A few years ago, if any one in Fleet street had said that the day would come when I would devote my time to trying to lose my reputation, I would have smiled incredulously. That was before I had a reputation. To be as statistical as time will allow—for before I go to bed I have seven and a half yards of fiction to write—it took me fifteen years' hard work to acquire a reputation. For two years after that I worked as diligently to retain it, not being quite certain whether it was really there, and for the last five years I have done my best to get rid of it. Mr. R. L. Stevenson has a story of a dynamiter who tried in vain to leave an infernal machine anywhere. It was always returned to him as soon as he dropped it, or just as he was making off. My reputation is as difficult to lose. I have not given up the attempt yet, but I am already of opinion that it is even harder to lose a reputation in letters than to make one. My colleagues will bear me out in this.

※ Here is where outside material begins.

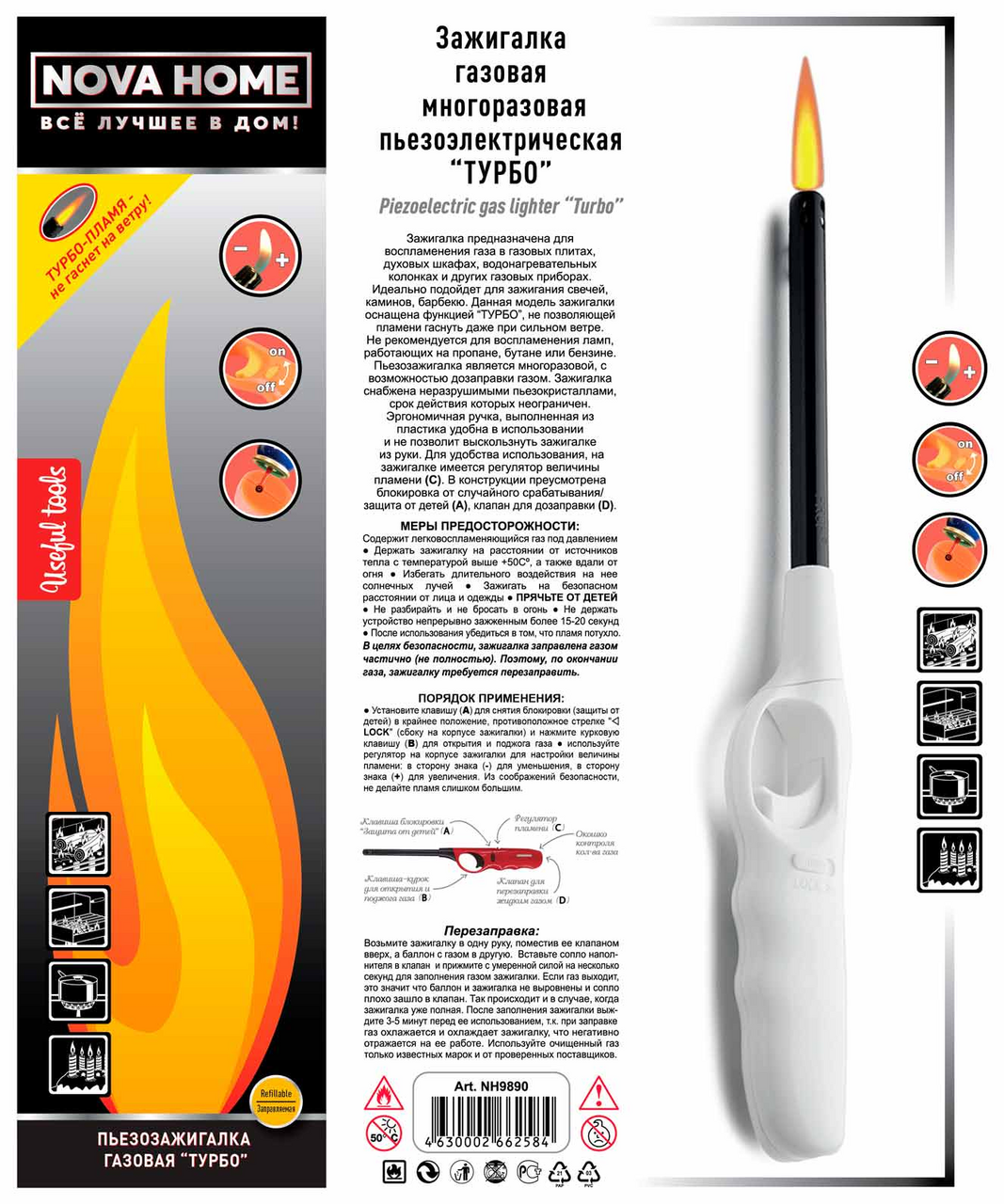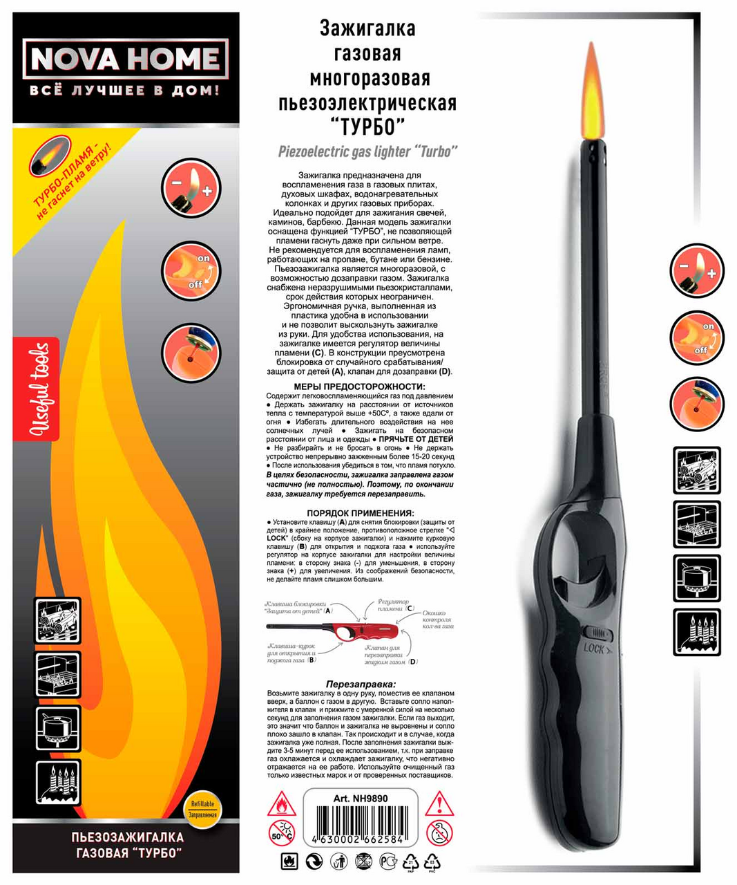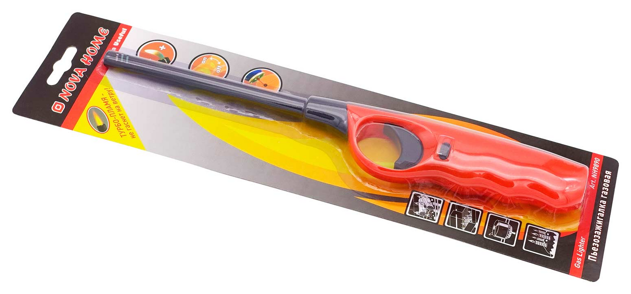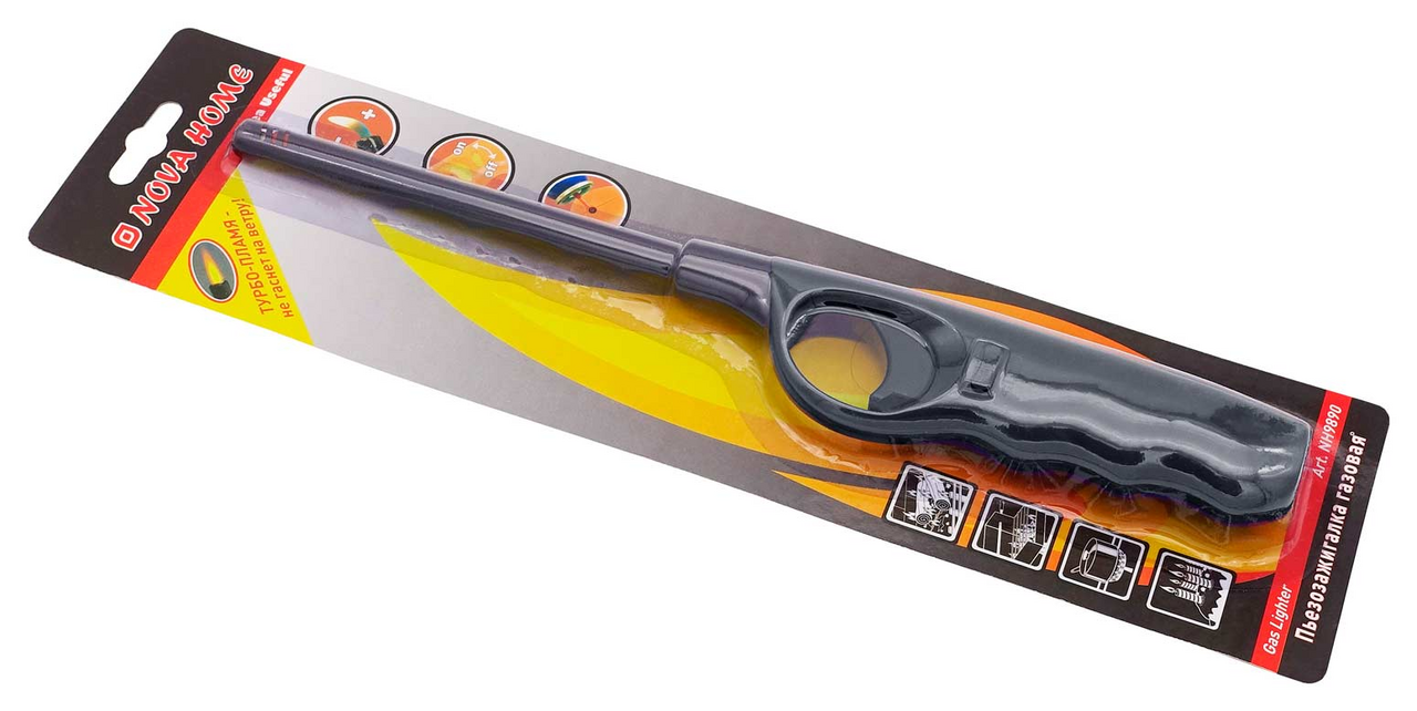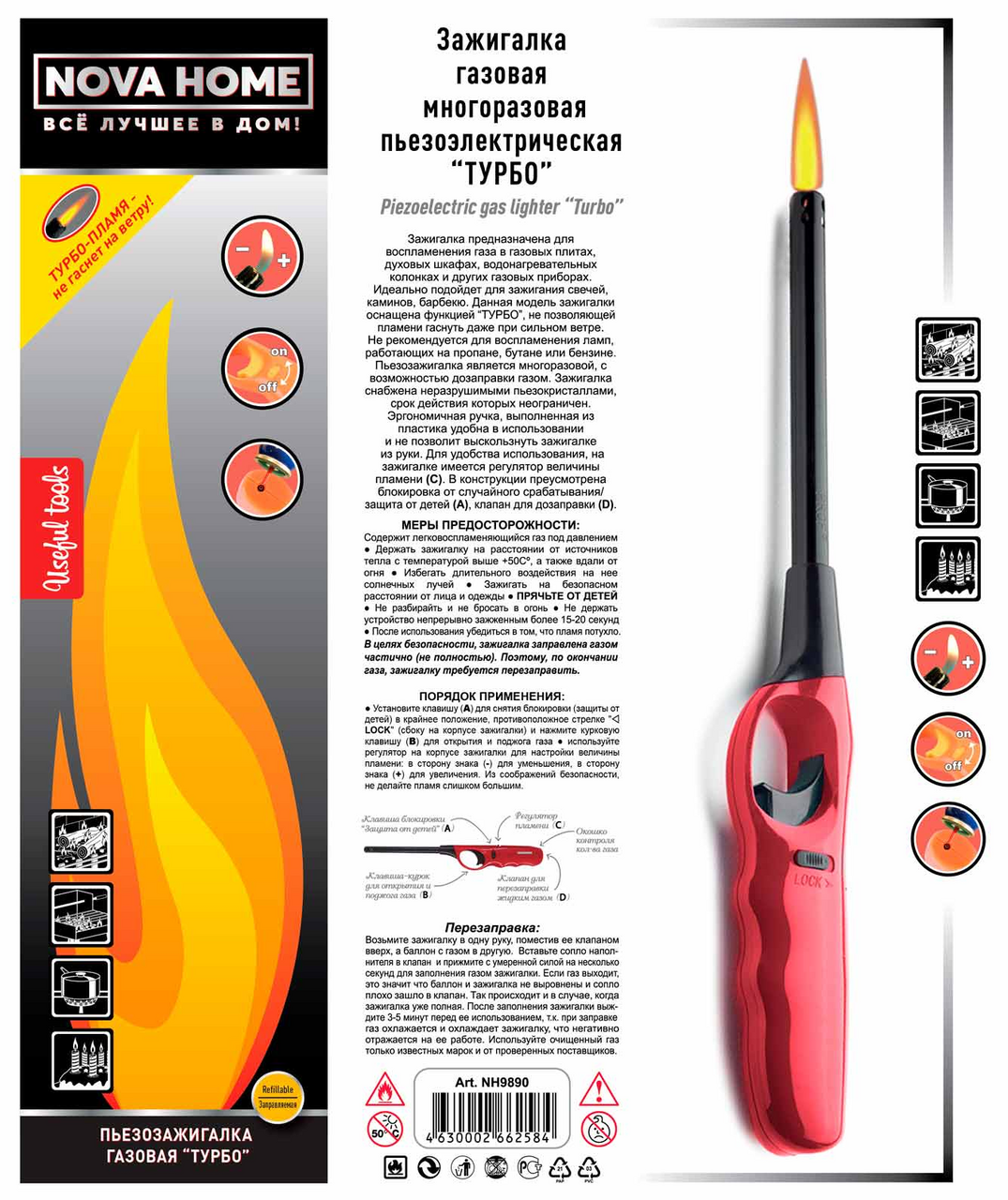 Зажигалка Nova Home с турбонаддувом предназначена для воспламенения газа в газовых плитах, духовых шкафах, водонагревательных колонках и других газовых приборах. Идеально подойдет для зажигания свечей, каминов, барбекю. Данная модель зажигалки оснащена гибкой трубкой, что в определенных случаях значительно облегчает ее использование. Не рекомендуется для воспламенения ламп, работающих на пропане, бутане или бензине. Пьезозажигалк�� является многоразовой, с возможностью дозаправки газом. Благодаря турбонаддуву газа пламя, которое дает зажигалка, остается стабильным на ветру.

If I recollect aright—for I have published so much that my works are now rather mixed up in my mind, and I have no time to verify anything—the first place I thought to leave my reputation in was a volume of pot-boilers, which I wrote many years ago for an obscure publication. At that time I was working hard for a reputation elsewhere, and these short stories were only scribbled off for a livelihood. My publisher heard of them recently, and offered me a hundred pounds for liberty to republish them in book form. I pointed out to him that they were very poor stuff, but he said that that had nothing to do with it; I had a reputation now, and they would sell. With certain misgivings—for I was not hardened yet—I accepted my publisher's terms, and the book was soon out. The first book I published, which was much the best thing I ever wrote, was only reviewed by three journals, of which two were provincial weeklies. They said it showed signs of haste, though every sentence in it was a labor. I sent copies of it to six or seven distinguished literary men—some of whom are four-in-hand now—and two of them acknowledged receipt of it, though neither said he had read it. My pot-boilers, however, had not been out many weeks before the first edition was exhausted. The book was reviewed everywhere, and, in nine cases out of ten, enthusiastically lauded. It showed a distinct advance on all my previous efforts. They were model stories of their kind. They showed a mature hand. The wit was sparkling. There were pages in the book that no one could read without emotion. In the old days I was paid for these stories at the rate of five shillings the thousand words; but they would make a reputation in themselves now. It has been thus all along. I drop my reputation into every book I write now, but there is no getting rid of it. The critics and the public return it to me, remarking that it grows bigger.